# Filtering Red Wine



## bluecorporal (Sep 15, 2010)

I will be ready to bottle my first batch of red wine in the next 7-10 days. 
I have made batches of white and blush wines and filtered them before bottling to get the "polished" finish, and was wondering if there would be any noticeable advantage in filtering a red wine?

Thanks

Doug


----------



## MN-winer (Sep 16, 2010)

I've filtered and not filtered reds and I don't think it makes much of a difference based on what I've seen. The first few kits I did I filtered so I could bottle quicker and drink, but the others I decided that I would have them wait in a carboy for a while and let the dust settle - so to speak.
I don't think filtering affects the flavor. I only did it to avoid sediment falling out on my first baby (wine). Now, I think a little sediment is fine and a sign of a good wine (my opinion). 
Going forward I'm only filtering the whites.


----------



## proksy (Sep 16, 2010)

I am wondering about filtering my batches of wine as well once they get to that point. I'm new to this and only on day 5. I guess my thinking is if the wine doesn't clear up on its own in a few months then I will filter it but what kind of filter should I use. I hear people using cheese cloth, what do you all use?


----------



## Dugger (Sep 16, 2010)

I have filtered most of my wines ( kits), red & white, and one advantage is that you can get to the last drop of wine in the carboy without worrying about getting sediment in the bottles. A disadvantage is that you have to be careful about getting a filter taste in your first bottle or two. Also you have to clean it and there is a cost involved. I don't think there is a difference in the taste whether filtered or not. I will filter all my whites but reds I can go either way when the time comes.
prosky - there are two main types I am aware of - the Erofilter style that I use ( uses 8" round pads) and the buon vino type ( uses smaller square pads) - the euro one is less expensive. Home made types using water filter cartridges are also used.


----------



## Runningwolf (Sep 16, 2010)

I don't filter any wine unless they are completely clear of any sediment. If you age the wine long enough they will clear on their own. A filter will give them a polished look. Reds generally are not filtered.


----------



## robie (Sep 16, 2010)

Unless you want to bottle very soon after clearing and you are worrying about dropping more sediment, or unless your reds looks a little cloudy in the glass, filtering reds is not needed.


----------



## xoltri (Sep 16, 2010)

I've filtered all of the kits I've made and it makes a noticeable difference in the appearance of the wine. I have a buon vino minijet and use the #2 filters exclusively for reds and whites. I highly doubt it changes the flavor, if you're concerned run some RO water though the pads first. That will suck any flavors out of the pads for sure.
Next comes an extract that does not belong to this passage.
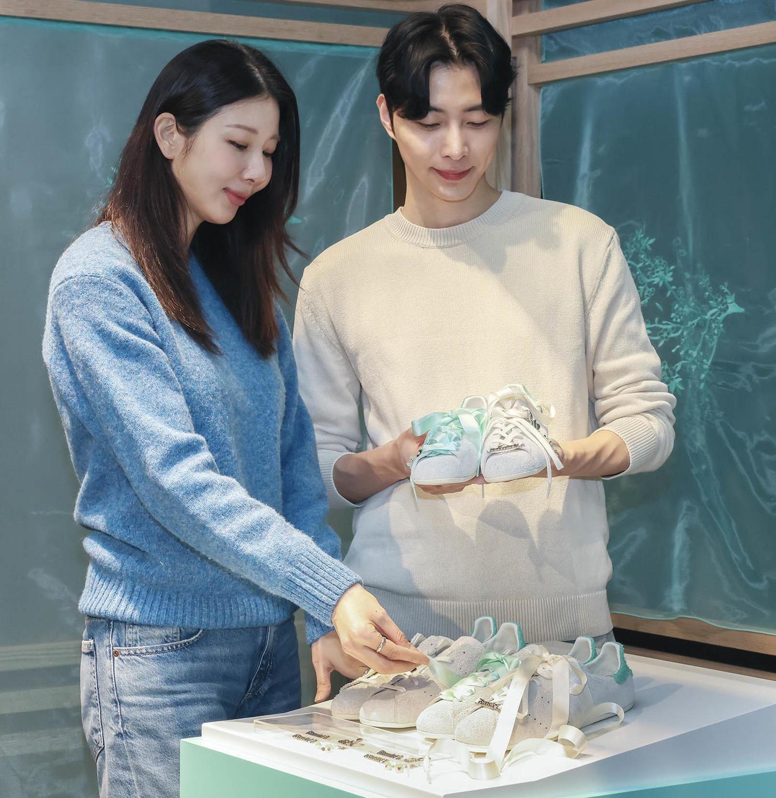15일 서울 강남구 분더샵 청담점에서 모델들이 신세계백화점 자체 편집숍 ‘케이스스터디’와 스포츠브랜드 아디다스 오리지널스가 ‘한국의 멋’을 주제로 협업해 만든 한정판 스니커즈를 소개하고 있다. 분더샵 청담점, 케이스스터디 신세계 강남점·센텀시티점·본점, 케이스스터디 온라인 채널에서 구매할 수 있다.

I give some wine as gifts and have company over that drink our wine. People may already have some negative opinions about home made wine so I don't want them to be put off by cloudy red or white wine...presentation is almost as important as taste.

The only things I don't filter are my beer because I bottle condition. I also made an apfelwein that I didn't filter and you could tell even in small amounts. I'll filter the next batch for sure.


----------



## proksy (Sep 16, 2010)

I kind of have to agree with that. I am new to making wine but I have friends and family who make batches every year and there was a white wine that someone made that tasted great but was cloudy and no one drank it but me, and it was great, if I were blind I would have never knew the differnece between that and some more pricier bottles at the store. I have decided that I will filter at some capacity, at least through a cheeze cloth or coffee filter.


----------



## xoltri (Sep 17, 2010)

I don't think that a coffee filter will take the haze out of wine. You'll need a 1 micron filter to really add polish. A better option, if you don't want to purchase a wine filter machine, would be to see if you can rent one locally.


----------



## robie (Sep 17, 2010)

I have heard of home wine makers using whole house filters, which you can buy at most home builder stores like Lowes. I don't know what the filtration size is, but from all indications, they do a pretty decent job at polishing.


----------



## proksy (Sep 17, 2010)

xoltri said:


> I don't think that a coffee filter will take the haze out of wine. You'll need a 1 micron filter to really add polish. A better option, if you don't want to purchase a wine filter machine, would be to see if you can rent one locally.



I was totally thinking of using a 1 or 2 micron filter. I've used those before in a vat used to clean auto parts when I was a mechanic. Thanks for the tip. I bought some bargin wines I found on antiwinesnob.com at a store and ran into someone that makes wine and they referred me to a wine/brew shop some 20min away from where I live. I might roll by there and see what I can afford.


----------